- AIM OF THE EXERCISE: Among the entries below, copy only the span from the line containing "A set of four" through the line containing "こちらは博物館の外廊下に飾っ". Do so exactly, and skip the pictures.

- INFORMATION SUPPLIED:
-------------------------

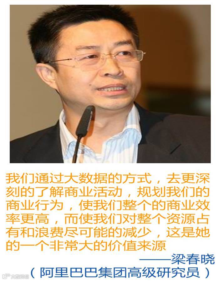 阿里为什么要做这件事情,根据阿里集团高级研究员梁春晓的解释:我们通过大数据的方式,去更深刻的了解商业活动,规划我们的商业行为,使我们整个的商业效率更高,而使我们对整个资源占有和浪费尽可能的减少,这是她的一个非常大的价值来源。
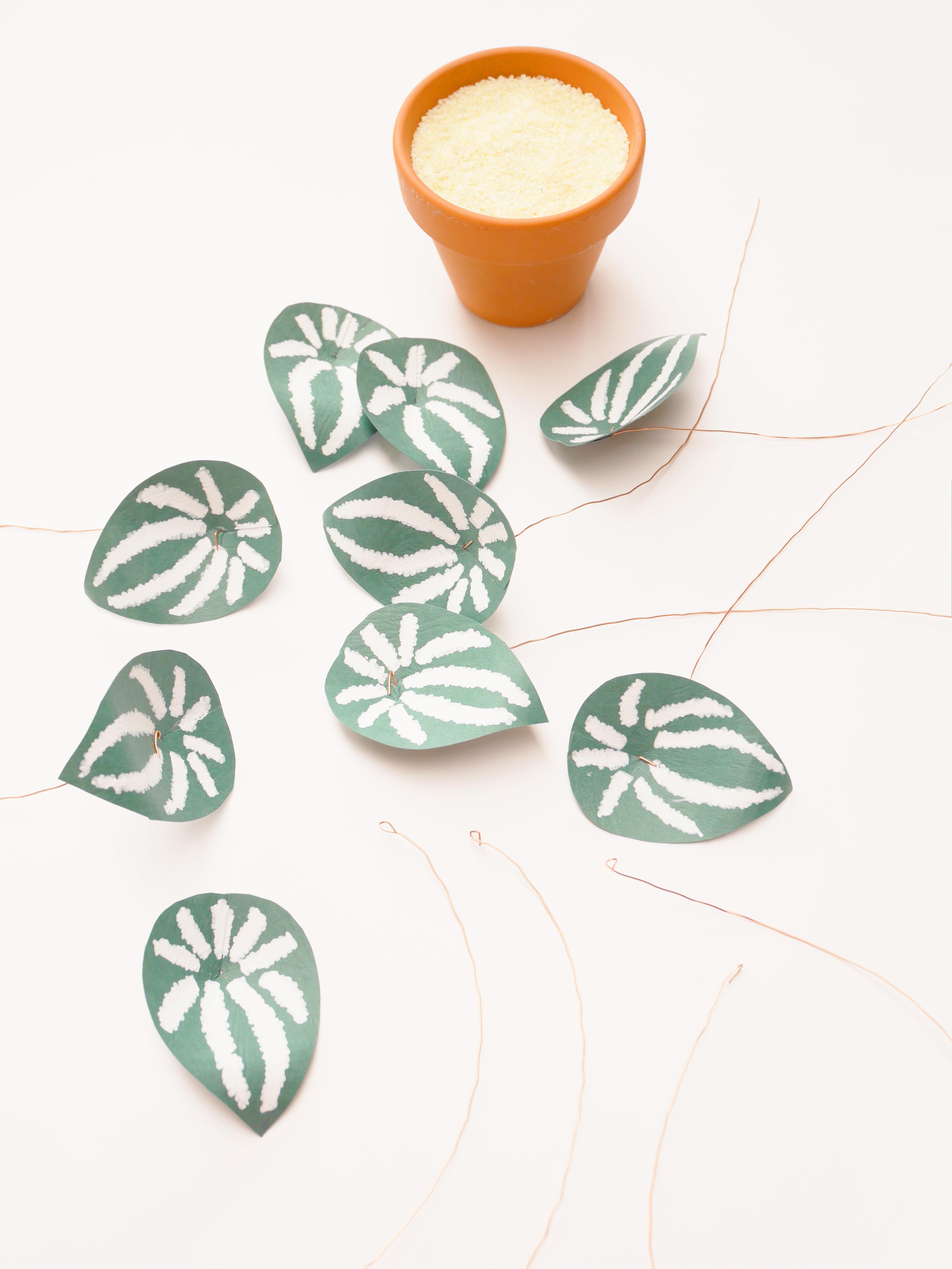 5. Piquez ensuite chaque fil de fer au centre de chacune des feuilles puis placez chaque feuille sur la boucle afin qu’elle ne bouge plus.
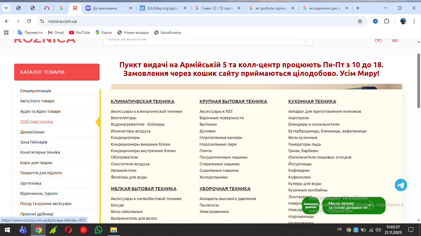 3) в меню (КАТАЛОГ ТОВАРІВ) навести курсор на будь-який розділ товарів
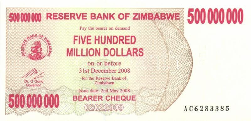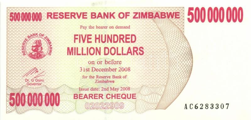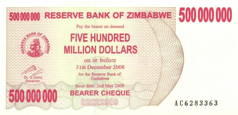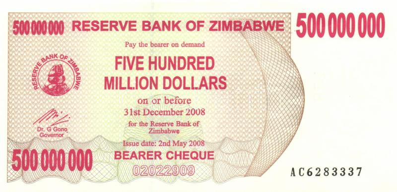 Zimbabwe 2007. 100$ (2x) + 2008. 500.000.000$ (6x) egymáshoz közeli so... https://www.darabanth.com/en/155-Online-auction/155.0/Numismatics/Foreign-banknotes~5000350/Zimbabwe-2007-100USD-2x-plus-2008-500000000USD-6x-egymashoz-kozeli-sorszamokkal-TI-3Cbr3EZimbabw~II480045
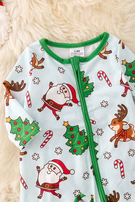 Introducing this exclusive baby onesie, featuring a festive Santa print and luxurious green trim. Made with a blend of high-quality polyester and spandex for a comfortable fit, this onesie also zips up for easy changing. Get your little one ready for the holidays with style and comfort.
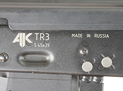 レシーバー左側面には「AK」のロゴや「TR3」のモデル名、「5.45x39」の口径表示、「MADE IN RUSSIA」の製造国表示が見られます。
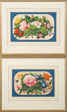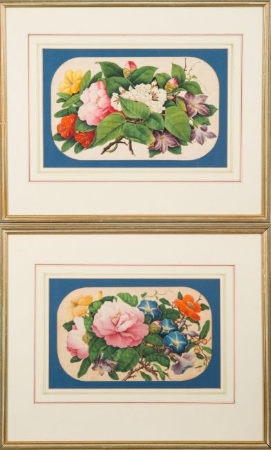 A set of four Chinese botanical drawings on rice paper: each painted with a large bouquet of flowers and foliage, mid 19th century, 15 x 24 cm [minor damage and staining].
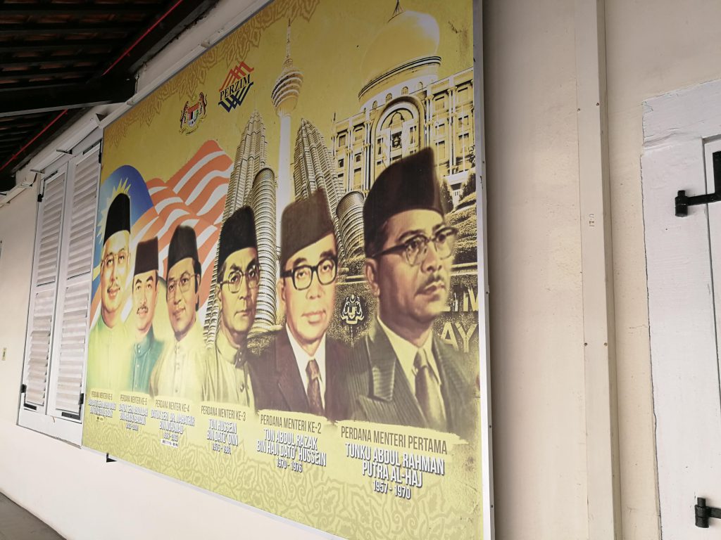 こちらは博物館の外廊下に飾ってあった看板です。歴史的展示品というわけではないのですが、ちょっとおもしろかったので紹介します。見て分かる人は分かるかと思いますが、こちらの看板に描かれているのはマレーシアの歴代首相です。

-------------------------

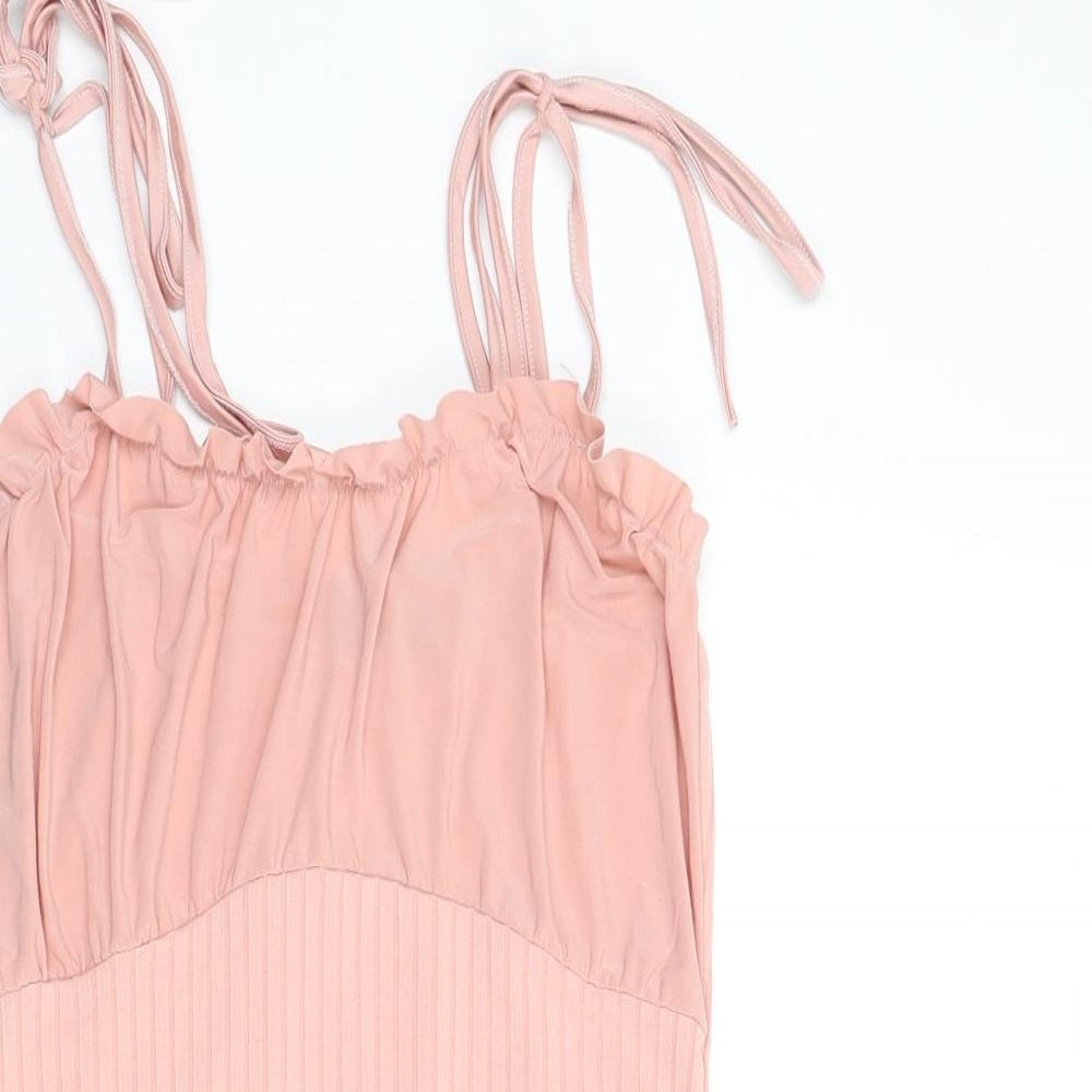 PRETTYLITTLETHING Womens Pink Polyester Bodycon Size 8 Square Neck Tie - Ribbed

-------------------------

- EXERCISE OUTPUT:
 A set of four Chinese botanical drawings on rice paper: each painted with a large bouquet of flowers and foliage, mid 19th century, 15 x 24 cm [minor damage and staining].
 こちらは博物館の外廊下に飾ってあった看板です。歴史的展示品というわけではないのですが、ちょっとおもしろかったので紹介します。見て分かる人は分かるかと思いますが、こちらの看板に描かれているのはマレーシアの歴代首相です。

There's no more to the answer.